◆ **INPUT**
· · · ·

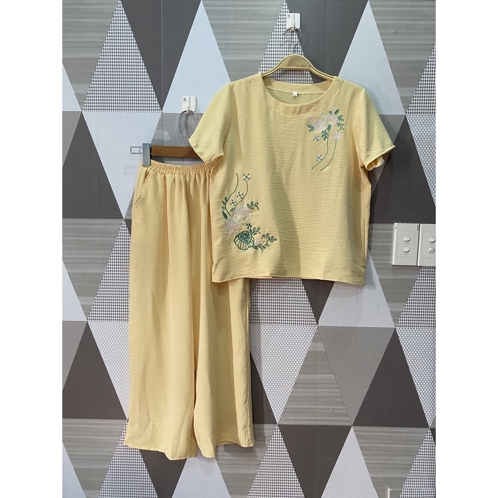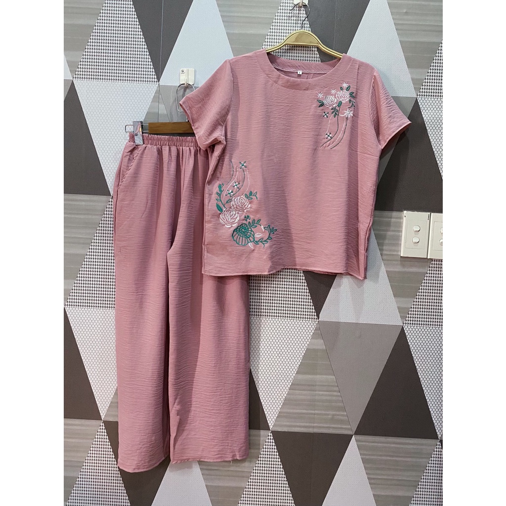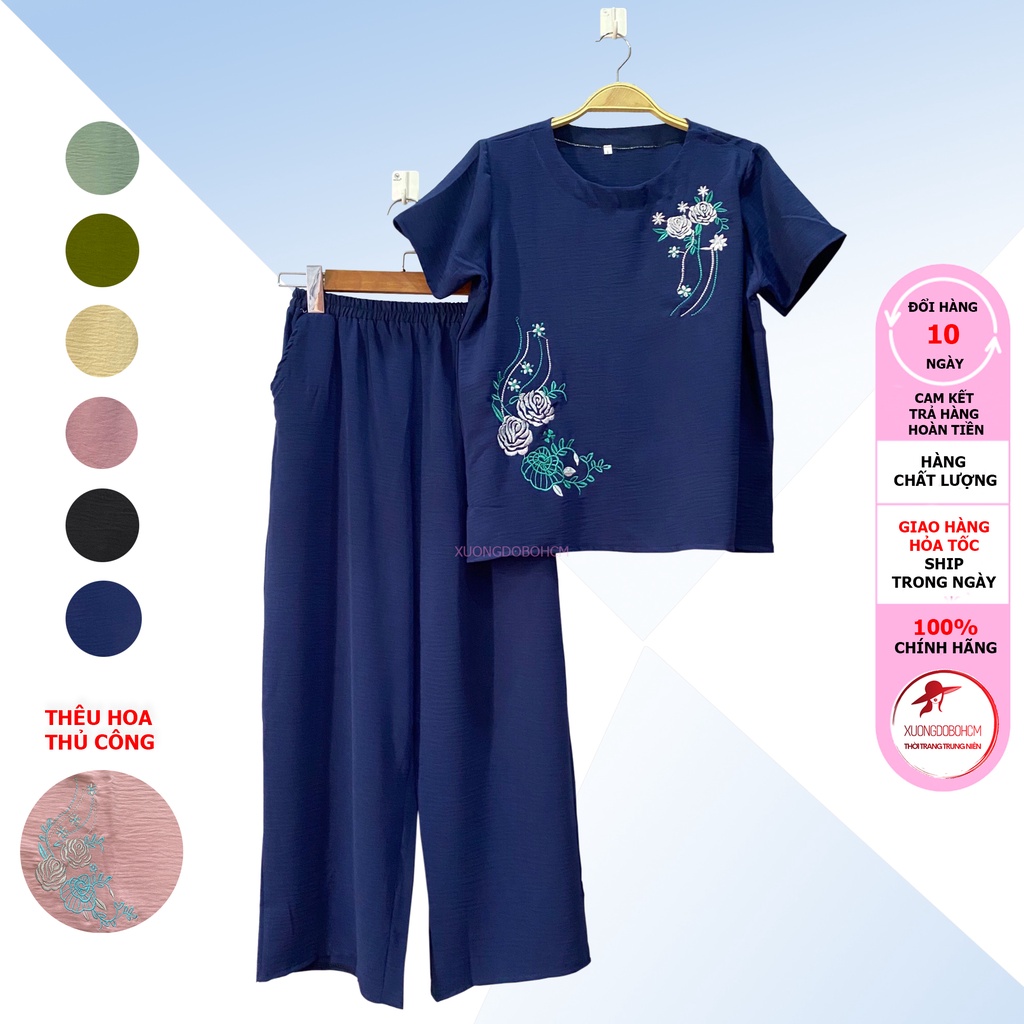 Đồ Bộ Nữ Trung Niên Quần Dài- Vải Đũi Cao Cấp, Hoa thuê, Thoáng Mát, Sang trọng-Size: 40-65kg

· · · ·

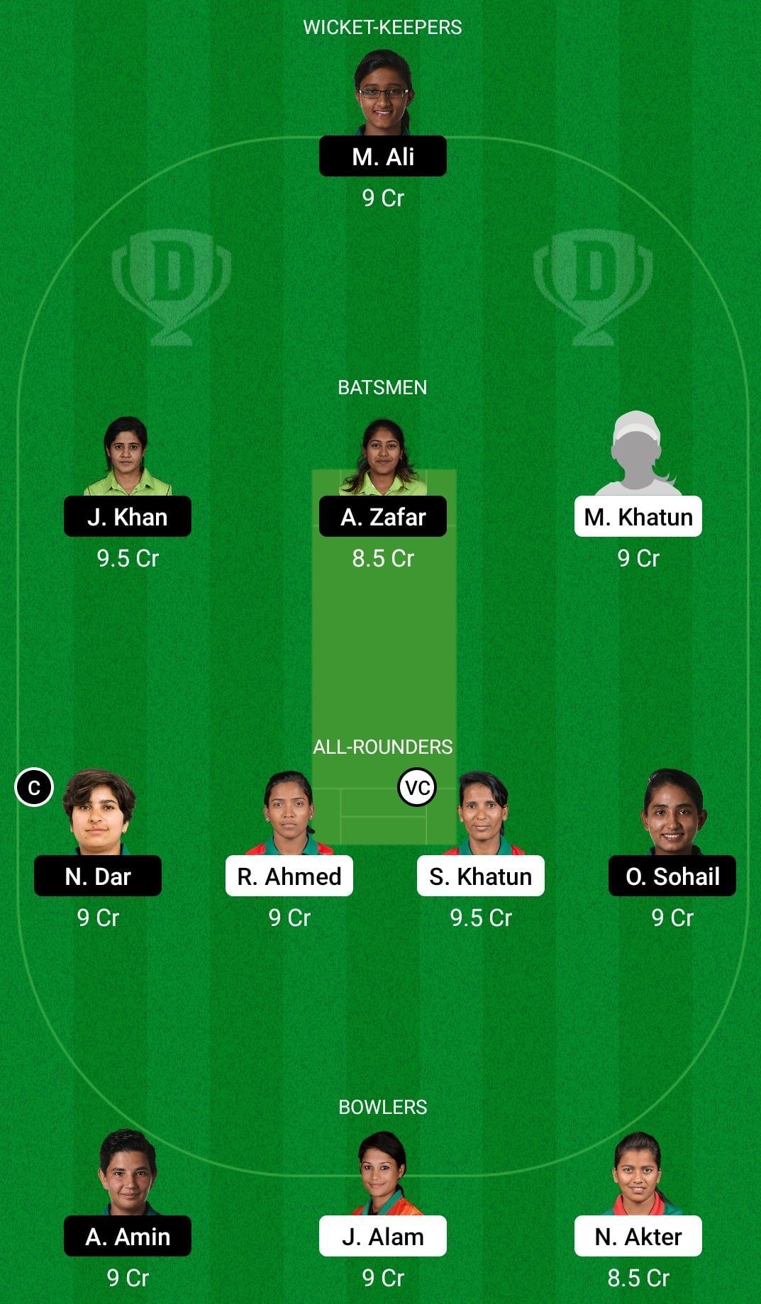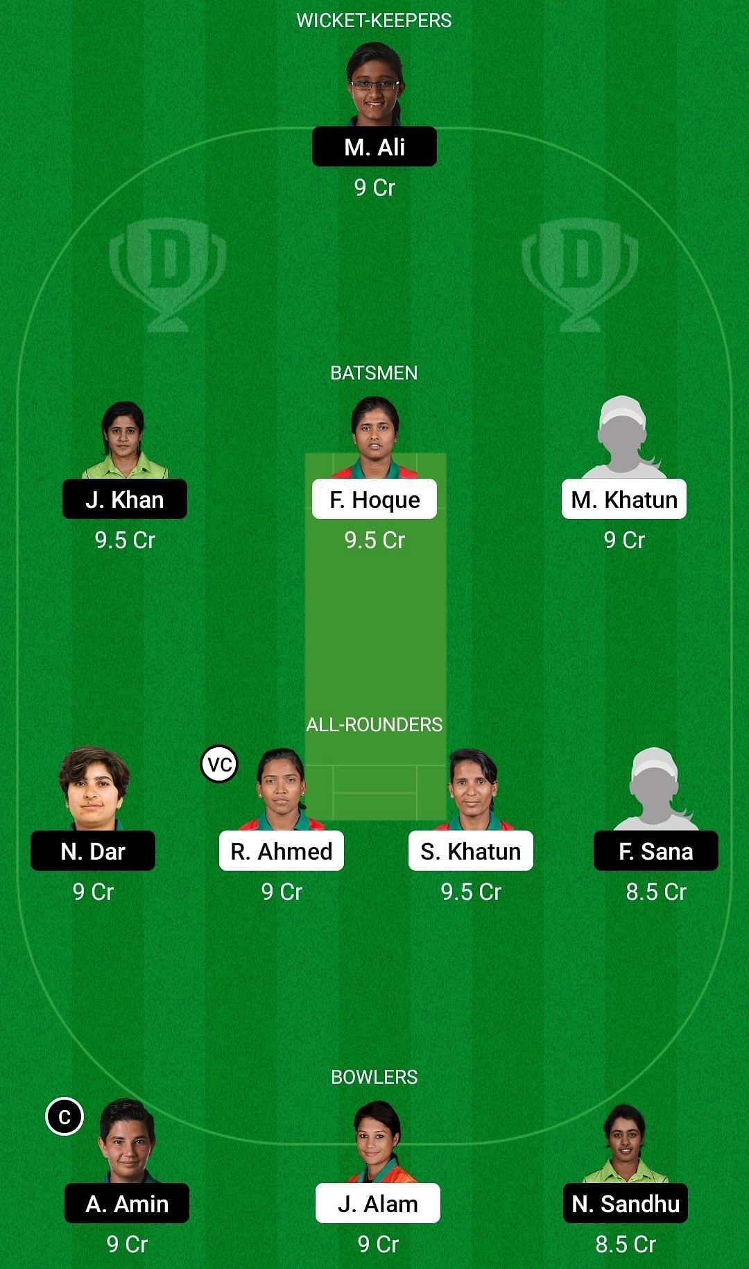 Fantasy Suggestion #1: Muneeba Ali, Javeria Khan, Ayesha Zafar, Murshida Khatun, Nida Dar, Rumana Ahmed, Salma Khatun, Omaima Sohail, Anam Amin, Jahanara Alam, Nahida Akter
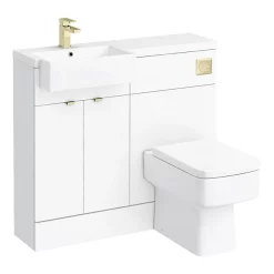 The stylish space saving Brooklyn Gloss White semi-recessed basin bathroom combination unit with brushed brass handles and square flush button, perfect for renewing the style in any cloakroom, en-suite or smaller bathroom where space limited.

· · · ·

◆ **WHAT THE TASK REQUIRES**
A word-for-word reproduction is needed of the lines above from the line containing "Fantasy Suggestion #1: Muneeba" through the line containing "The stylish space", with both ends kept and no pictures.

◆ **WRITTEN RESPONSE**
 Fantasy Suggestion #1: Muneeba Ali, Javeria Khan, Ayesha Zafar, Murshida Khatun, Nida Dar, Rumana Ahmed, Salma Khatun, Omaima Sohail, Anam Amin, Jahanara Alam, Nahida Akter
 The stylish space saving Brooklyn Gloss White semi-recessed basin bathroom combination unit with brushed brass handles and square flush button, perfect for renewing the style in any cloakroom, en-suite or smaller bathroom where space limited.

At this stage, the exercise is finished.